GIVEN DATA
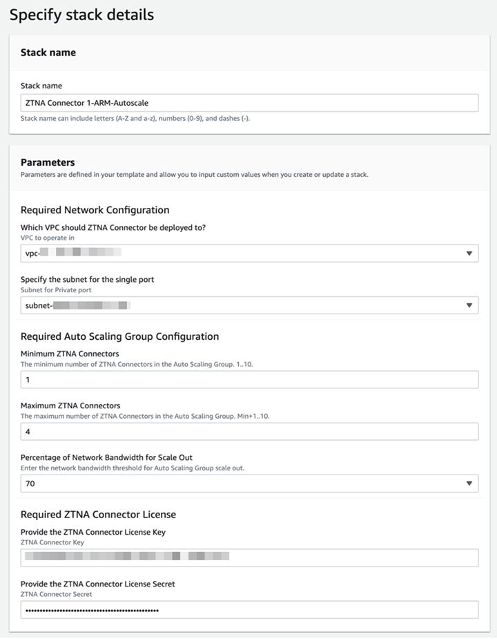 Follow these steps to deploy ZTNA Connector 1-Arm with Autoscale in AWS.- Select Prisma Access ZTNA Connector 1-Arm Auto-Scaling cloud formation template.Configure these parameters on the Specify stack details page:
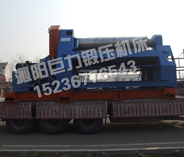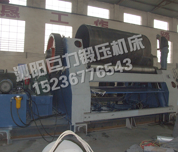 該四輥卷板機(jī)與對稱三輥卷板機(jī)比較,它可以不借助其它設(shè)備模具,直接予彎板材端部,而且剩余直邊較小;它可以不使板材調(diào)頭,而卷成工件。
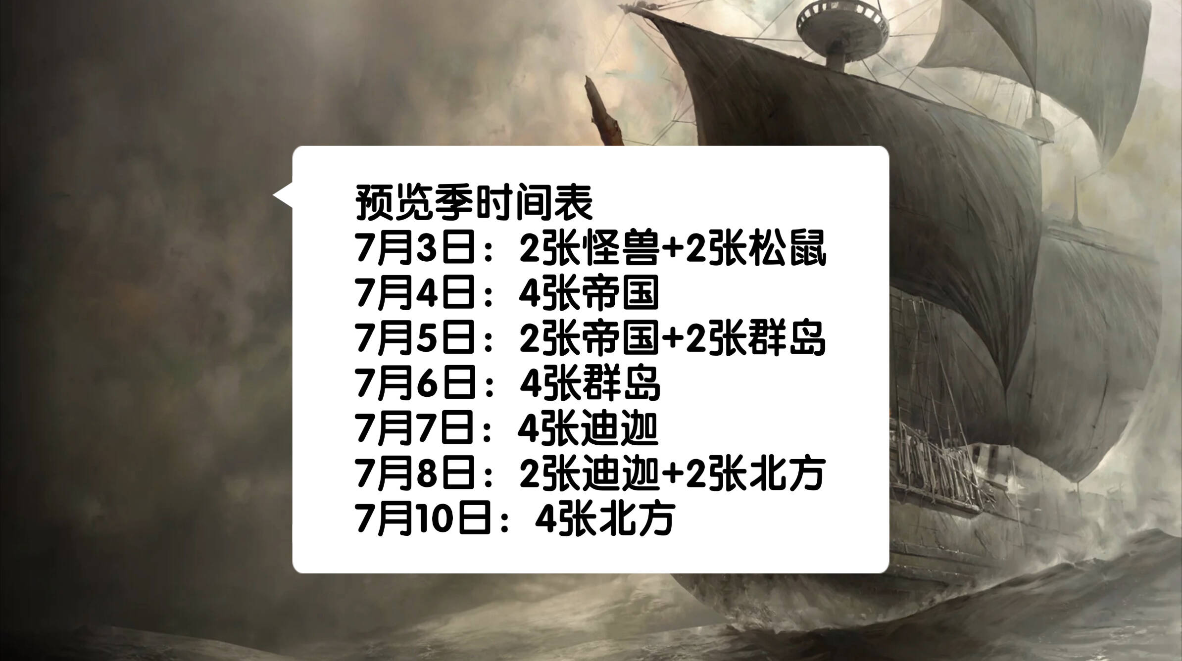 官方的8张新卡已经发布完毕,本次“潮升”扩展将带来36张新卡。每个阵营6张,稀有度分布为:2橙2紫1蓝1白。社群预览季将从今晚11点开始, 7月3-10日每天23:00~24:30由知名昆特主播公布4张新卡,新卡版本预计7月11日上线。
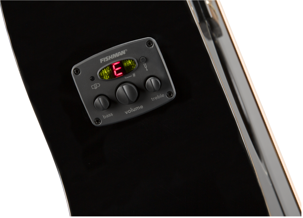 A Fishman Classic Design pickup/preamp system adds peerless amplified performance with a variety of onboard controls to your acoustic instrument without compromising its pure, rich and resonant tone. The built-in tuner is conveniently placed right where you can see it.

EXERCISE BRIEF
In the copy, include exactly the lines from the one with "該四輥卷板機(jī)與對稱三" through the final line of the data, both ends included, and no pictures.

FINAL ANSWER
 該四輥卷板機(jī)與對稱三輥卷板機(jī)比較,它可以不借助其它設(shè)備模具,直接予彎板材端部,而且剩余直邊較小;它可以不使板材調(diào)頭,而卷成工件。
 官方的8张新卡已经发布完毕,本次“潮升”扩展将带来36张新卡。每个阵营6张,稀有度分布为:2橙2紫1蓝1白。社群预览季将从今晚11点开始, 7月3-10日每天23:00~24:30由知名昆特主播公布4张新卡,新卡版本预计7月11日上线。
 A Fishman Classic Design pickup/preamp system adds peerless amplified performance with a variety of onboard controls to your acoustic instrument without compromising its pure, rich and resonant tone. The built-in tuner is conveniently placed right where you can see it.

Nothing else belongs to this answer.